→ **WHAT YOU NEED TO DO**
Across the entries below, tally every line that holds the word "precinct". Give only the tally.
[[ SUPPLIED RECORDS open ]]
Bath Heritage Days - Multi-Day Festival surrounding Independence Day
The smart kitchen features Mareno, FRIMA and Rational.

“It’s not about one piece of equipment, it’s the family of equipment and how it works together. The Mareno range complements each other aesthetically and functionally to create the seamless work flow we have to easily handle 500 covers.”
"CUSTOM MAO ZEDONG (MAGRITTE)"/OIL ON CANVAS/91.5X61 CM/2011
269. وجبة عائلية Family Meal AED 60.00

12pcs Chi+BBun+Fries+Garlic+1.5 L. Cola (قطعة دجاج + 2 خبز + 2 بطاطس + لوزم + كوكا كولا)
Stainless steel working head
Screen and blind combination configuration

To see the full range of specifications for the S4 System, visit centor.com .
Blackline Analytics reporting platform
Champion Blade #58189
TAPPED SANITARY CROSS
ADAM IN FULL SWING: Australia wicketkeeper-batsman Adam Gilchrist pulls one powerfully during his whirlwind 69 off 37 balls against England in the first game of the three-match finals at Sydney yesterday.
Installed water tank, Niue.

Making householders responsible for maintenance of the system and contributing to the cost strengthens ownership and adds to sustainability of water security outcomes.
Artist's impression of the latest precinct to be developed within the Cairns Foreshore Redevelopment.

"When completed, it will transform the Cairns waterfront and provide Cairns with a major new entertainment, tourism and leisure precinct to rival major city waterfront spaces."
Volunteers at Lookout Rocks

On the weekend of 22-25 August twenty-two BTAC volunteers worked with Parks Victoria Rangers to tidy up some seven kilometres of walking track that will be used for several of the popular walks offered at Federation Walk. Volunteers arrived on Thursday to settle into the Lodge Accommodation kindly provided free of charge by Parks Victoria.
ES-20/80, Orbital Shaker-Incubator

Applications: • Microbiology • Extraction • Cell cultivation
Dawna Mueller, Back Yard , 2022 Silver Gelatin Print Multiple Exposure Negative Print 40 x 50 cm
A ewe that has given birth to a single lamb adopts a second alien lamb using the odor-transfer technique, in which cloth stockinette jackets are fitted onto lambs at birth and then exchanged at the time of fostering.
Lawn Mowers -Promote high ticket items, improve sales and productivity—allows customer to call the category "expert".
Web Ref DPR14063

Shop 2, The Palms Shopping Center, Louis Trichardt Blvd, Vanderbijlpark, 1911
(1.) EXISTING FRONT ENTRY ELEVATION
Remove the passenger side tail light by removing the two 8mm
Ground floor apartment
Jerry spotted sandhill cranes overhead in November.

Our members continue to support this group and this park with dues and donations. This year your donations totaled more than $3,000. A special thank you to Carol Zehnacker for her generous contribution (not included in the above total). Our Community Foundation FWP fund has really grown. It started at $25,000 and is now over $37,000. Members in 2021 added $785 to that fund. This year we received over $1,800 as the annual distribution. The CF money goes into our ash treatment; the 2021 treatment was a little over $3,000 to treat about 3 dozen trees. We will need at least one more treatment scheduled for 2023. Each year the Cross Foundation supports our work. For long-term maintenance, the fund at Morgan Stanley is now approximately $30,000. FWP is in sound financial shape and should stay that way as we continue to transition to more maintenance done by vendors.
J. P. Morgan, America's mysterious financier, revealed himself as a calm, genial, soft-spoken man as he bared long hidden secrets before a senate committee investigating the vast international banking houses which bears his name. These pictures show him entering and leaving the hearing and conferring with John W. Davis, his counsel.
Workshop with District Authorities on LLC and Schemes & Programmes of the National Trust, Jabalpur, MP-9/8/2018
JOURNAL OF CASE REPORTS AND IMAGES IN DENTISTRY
[[ SUPPLIED RECORDS closed ]]
→ **ANSWER TO THE PROBLEM**
2